In 1995 Zittoun et al. for the EORTC-GIMEMA groups reported on 941 AML patients treated with one or two cycles of standard Daunorubicine/Cytarabine schedule (3/7). Patients obtaining CR were submitted to one consolidation cycle including high-dose cytarabine (HD-AC) and Amsacrine. Subsequently, patients with HLA identical donor were allo-transplanted, whereas patients without HLA identical donor were randomized to receive ASCT or a second consolidation (ICC) with daunorubicine and HD-AC. The CR rate after induction therapy was 66%. The relapse rate were 40% in the two arms (ASCT) and 57% (ICC), respectively; DFS was longer for patients submitted to ASCT compared to patients submitted to ICC (48% vs 30%; p=0.05).
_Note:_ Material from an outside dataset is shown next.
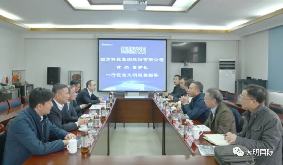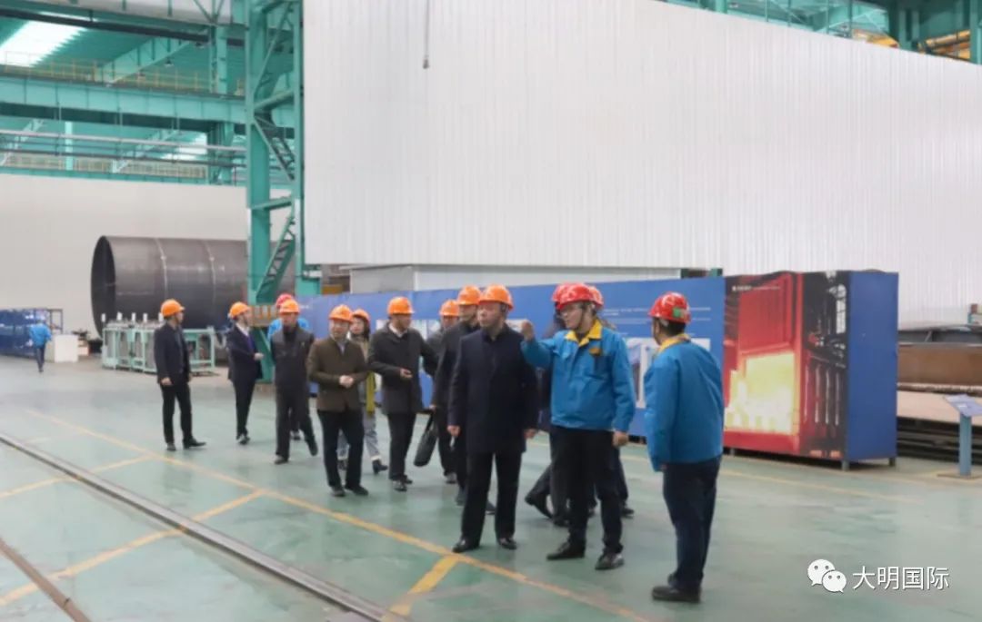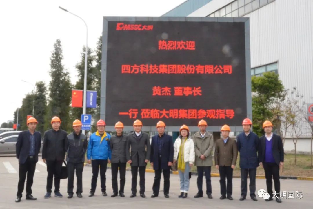 黄杰董事长一行先后参观了大明靖江加工中心、大明重工、江苏大明、大明精工,并进行了座谈交流。座谈中,周克明主席详细介绍了大明从材料到加工、制造配套的“一站式”服务模式及后期规划。黄杰董事长十分认可大明的经营模式和服务理念,并介绍了四方科技集团的相关情况。双方均表示,后期将加强合作,携手发挥各自优势,为终端客户提供优质、可靠的产品和服务。

However the OS was not significantly superior in the ASCT group, due to the greater ability of ASCT to rescue relapsed patients in the ICC arm [24].
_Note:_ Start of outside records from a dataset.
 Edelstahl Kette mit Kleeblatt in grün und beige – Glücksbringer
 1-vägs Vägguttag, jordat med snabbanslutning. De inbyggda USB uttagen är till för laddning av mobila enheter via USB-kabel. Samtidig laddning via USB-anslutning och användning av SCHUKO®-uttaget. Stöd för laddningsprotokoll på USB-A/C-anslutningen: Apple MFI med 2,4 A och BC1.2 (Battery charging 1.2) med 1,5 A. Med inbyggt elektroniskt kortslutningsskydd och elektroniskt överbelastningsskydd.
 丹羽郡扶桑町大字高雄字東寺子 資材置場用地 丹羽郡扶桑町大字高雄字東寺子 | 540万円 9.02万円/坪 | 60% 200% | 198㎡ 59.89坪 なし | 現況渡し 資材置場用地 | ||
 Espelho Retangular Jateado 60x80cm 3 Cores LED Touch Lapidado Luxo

In 1997 Harousseau and Colleagues reported data on 517 eligible patients (15-50 years of age) affected by previously untreated AML. Patients received 3 - 4 courses of conventional induction treatment (Ara-C: 200 mg/sqm/day for 7 consecutive days with either idarubicin administered intravenously on days 1 - 5 at a daily dose of 8 mg/sqm or rubidazone administered intravenously on days 1 - 4 at a daily dose of 200 mg/sqm). Patients aged 40 year or younger, in CR after induction therapy, were assigned to SCT if an HLA identical donor was available. All other patients received a first course of HD-Ara-C (3 gr/sqm) administered every 12 hours along 4 days (ICC) and then were randomized to receive either a second course of ICC or an ASCT. Eighty-eight patients out of 517 received an SCT, while 164 out of 517 were eligible for randomization (75 received ASCT, 71 received ICC). No differences in terms of OS and DFS were observed between the two arms: the 4 years DFS was 44 +/- 5.5% in ASCT group and 40.5 +/- 5.5% in ICC group (p value 0.41); the 4 years OS was 50 +/- 6% in ASCT group and 54.5 +/- 6% in ICC group (p value 0.72). The retrospective analysis of DFS and OS based on the cytogenetic risk could not detect any differences between the ASCT group and the ICC group [28].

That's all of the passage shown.